Obwohl Präsident Zemaitat als gelernter Jurist im Interpretieren von Tatsachen geübt ist, hält er das Ansinnen „für verfehlt, nach sechs Spielen über eine Blutauffrischung des 26köpfigen Kaders nachzudenken“. Ratsherr Schwan indessen glaubt, „wir brauchen unbedingt einen Vollstrecker“, sprich: einen Torjäger. Als Wunschkandidat brachte er den Bielefelder Stefan Kuntz ins Gespräch.

Auch wenn Coach Röber von solchen Vorschlägen offiziell nichts wissen will: Zweifel an der Güte seines Kaders sind berechtigt. Ins Kreuzfeuer der Kritik geraten zunehemend die Stürmer, die bislang den Ball noch kein einziges Mal über die gegnerische Torlinie befördern konnten.

Vor allem der Niederländer Bryan Roy, mit 3,2 Millionen Ablösesumme der teuerste Einkauf der Vereinsgeschichte, erwies sich bislang als Flop. Dem als Top-Star aus Nottingham geholten Ballartisten haftet wie vielen Absolventen der berühmten Talentschmiede von Ajax Amsterdamm der Makel an, daß sie sich in fremden Gefilden schwer tun. Er könne nicht die Ärmel hochkrempeln, bemängeln Zaungäste beim Training. Das ist in deutschen Landen, wo ein „Kämpfer“ höchste Wertschätzung genießt, das schlimmste aller Urteile.

Der Kameruner Alphonse Tchami (für 2,2 Mio. Mark aus Buenos Aires gekommen) tauchte zuletzt gar nicht mehr im Aufgebot auf, weil ihn angeblich eine Verletzung plagt. Auch der als Mittelfeld-Regisseur verpflichtete Kjetil Rekdal, der die Angreifer torgerecht in Szene setzen soll, ist nicht die erwünschte Trumpfkarte.
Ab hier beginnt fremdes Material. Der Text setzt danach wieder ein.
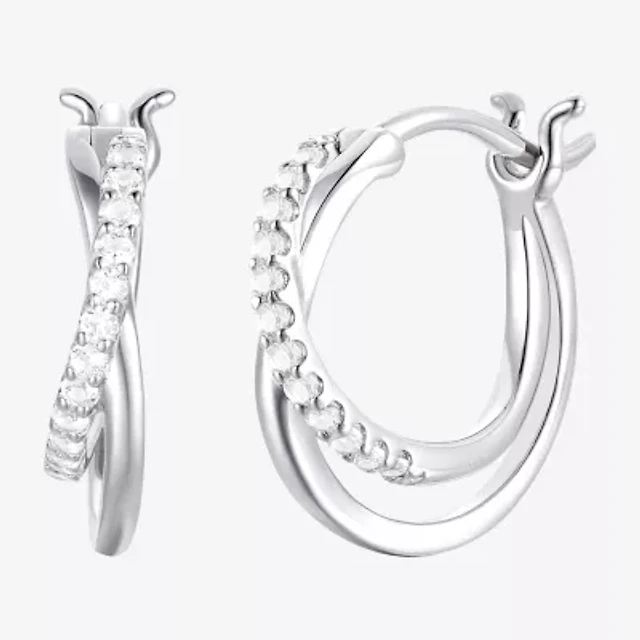 Yes Please! Womens Lab Created White Sapphire Sterling Silver 14.5mm Hoop Earrings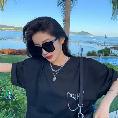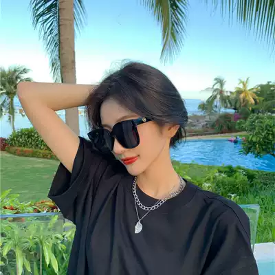 Joker black square polarized sun glasses myopia thin round face retro Korean sunglasses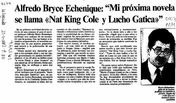 Alfredo Bryce Echenique, "Mi próxima novela se llama "Nat King Cole y Lucho Gatica" [artículo].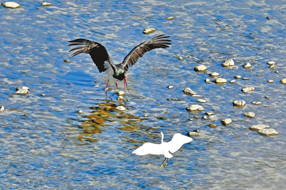 梁河,黑鹳与白鹭翩跹戏水。梁河县融媒体中心供图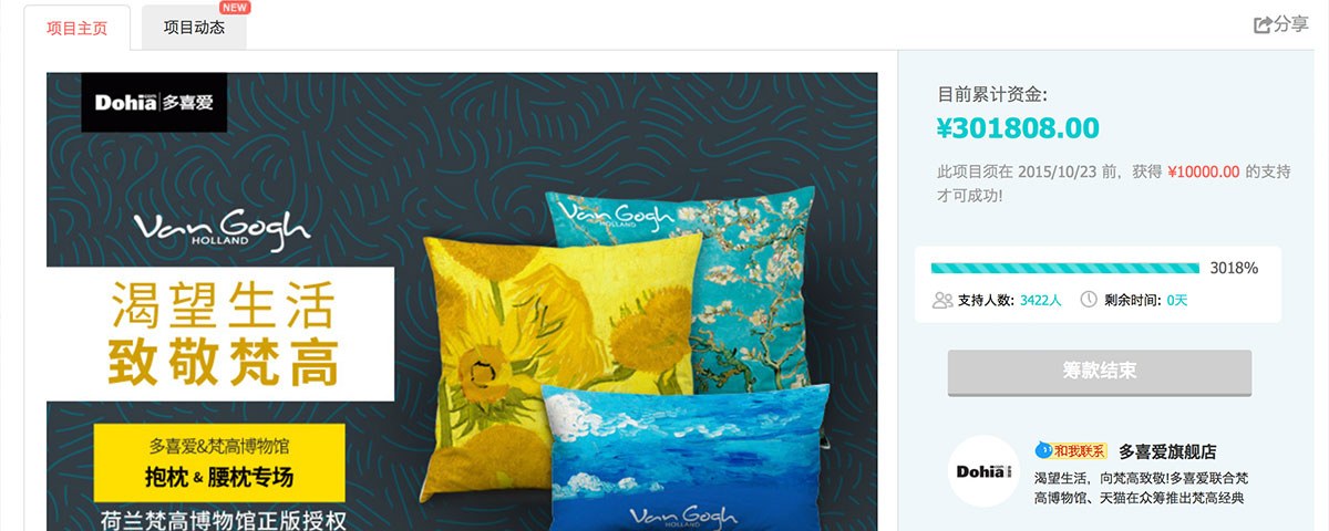 木馬設(shè)計(jì)聯(lián)合天貓眾籌平臺(tái),與天貓數(shù)十家商家合作,以梵高博物館正版授權(quán)的梵高八大作品為藍(lán)本,創(chuàng)作正版限量系列藝術(shù)衍生品,作品包括枕墊、杯具、鼠標(biāo)、窗簾、手包等一系列家居飾品。產(chǎn)品一經(jīng)推出便受到消費(fèi)者熱烈歡迎。此次合作是設(shè)計(jì)機(jī)構(gòu)涉足藝術(shù)衍生品領(lǐng)域的一次突破性的成功嘗試,由多方的協(xié)同合作創(chuàng)建了優(yōu)秀健康的商業(yè)模式,保證了閉環(huán)的、順暢的資源流通,為藝術(shù)衍生品市場(chǎng)提供了優(yōu)秀商業(yè)案例。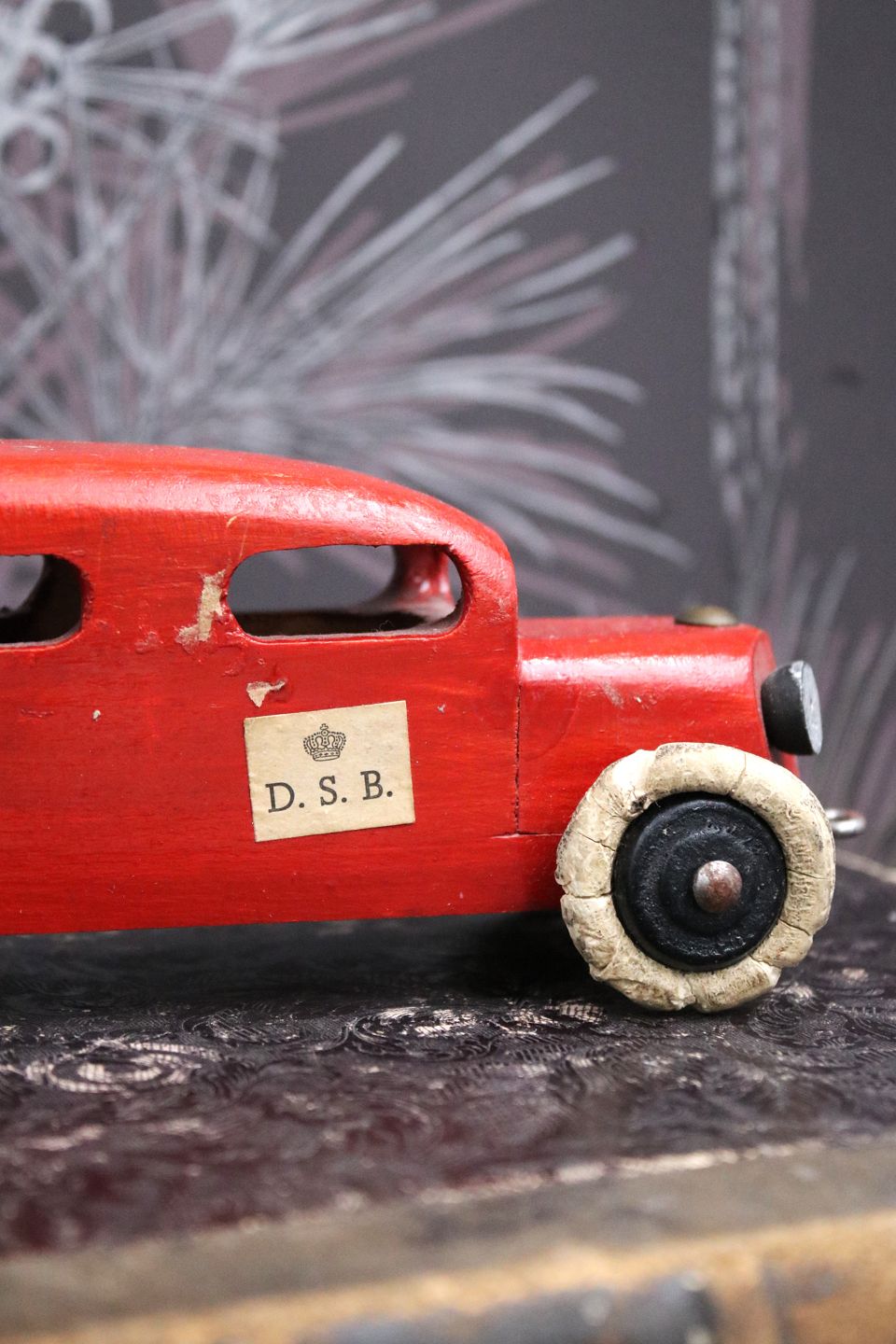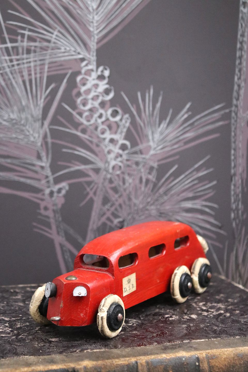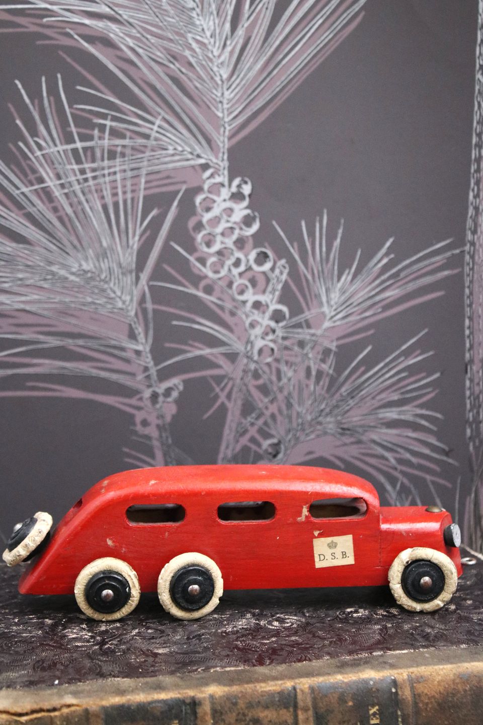 Dekorativ, gammel vintage rutebil i rødmalet træ med DSB skilt på døren og en fin gammel patina. H: 6,5cm. L: 22,5cm.Emne nummer: Vintage træ bil

„Wir müssen der Mannschaft zehn Spiele Zeit geben“, forderte Zemaitat in weiser Voraussicht Anfang September. Zeit, die sein Verein nicht hat. In Rostock geht es zwar noch nicht um alles, doch mit nichts dürfen die Berliner die Heimreise keineswegs antreten. Ohne einen Punktgewinn gerät Röbers Stuhl ins Wackeln. Auch er weiß, daß sein Vorgänger Bernd Stange 1992 nach einer Niederlage bei den Hanseaten seinen Platz räumen mußte.